With its ability to detect ocean events ranging from sewage spills to harmful algal blooms, MBARI's Environmental Sample Processor (ESP) has immense potential for monitoring ocean water quality. Until recently, however, only a limited number of these instruments have been available. With the recent commercialization of this device, ESPs are now being tested for day-to-day ocean monitoring at several sites around the world. During May 2012, two new ESPs were installed in Tasman Bay, New Zealand, and in the Gulf of Maine.

Each environmental sample processor is a miniaturized robotic laboratory, which automatically takes in samples of seawater and detects microscopic organisms in the water by analyzing their DNA and other genetic material. The ESP then sends this information back to shore in real time. Under development at MBARI since the 1990s, the ESP has recently been commercialized and marketed by Spyglass Biosecurity.

Illustration showing the ESP mooring designed at Woods Hole Oceanographic Institution for use in the Gulf of Maine
Illustration showing the ESP mooring designed at Woods Hole Oceanographic Institution for use in the Gulf of Maine. Image: E. Paul Oberlander, Woods Hole Oceanographic Institution.

The ESP in Tasman Bay, New Zealand, was deployed for a monthlong test sponsored by the Cawthron Institute, a private nonprofit research institution based in Nelson, New Zealand. By providing real-time information on harmful algal blooms, human fecal bacteria, and drifting microscopic animals, the ESP in Tasman Bay will provide vital information for local salmon and shellfish aquaculture facilities, as well as water-quality agencies. During this test deployment, the Cawthron Institute is also collecting water samples by hand and running them through a second ESP located in a lab on shore, so that they can compare the results from the two instruments.

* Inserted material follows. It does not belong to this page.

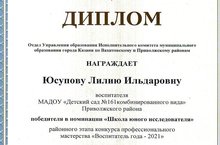 Поздравляем Лилию Ильдаровну с победой в номинации «Школа юного исследователя» профессионального конкурса "Воспитатель года"!

MBARI researchers previously worked with the Cawthron Institute in 2011 to provide expertise and controller software for a long-term ocean monitoring buoy in Tasman Bay. The recent ESP deployment continues this fruitful collaboration. If all goes well during the test deployment, ESPs may be used for ocean monitoring at several locations around New Zealand.

The ESP recently deployed in the Gulf of Maine was built for the U.S. Environmental Protection Agency (EPA). It is being deployed by Don Anderson at the Woods Hole Oceanographic Institution as part of an experiment to detect red tides, some of which can infect shellfish and sicken humans.

The ESP in the Gulf of Maine is located on a mooring about 10 kilometers (6 miles) from shore. The instrument itself is suspended 20 meters (65 feet) below the ocean surface, where there is relatively little wave motion. A long, flexible hose collects water samples near the surface, where the algae are most likely to be found. One of the algae that Anderson and his colleagues are most interested in is a type of dinoflagellate called Alexandrium fundyense, which can cause paralytic shellfish poisoning.

In both New Zealand and in the Gulf of Maine, the ESP may eventually supplement or even replace replace traditional laboratory methods for detecting harmful micro-organisms. Currently, such techniques can take days or even weeks to deliver results. As Cawthron scientist Chris Cornelisen put it, "This could completely change the face of monitoring by providing nearly immediate information on water quality, biosecurity threats, and potential toxic blooms."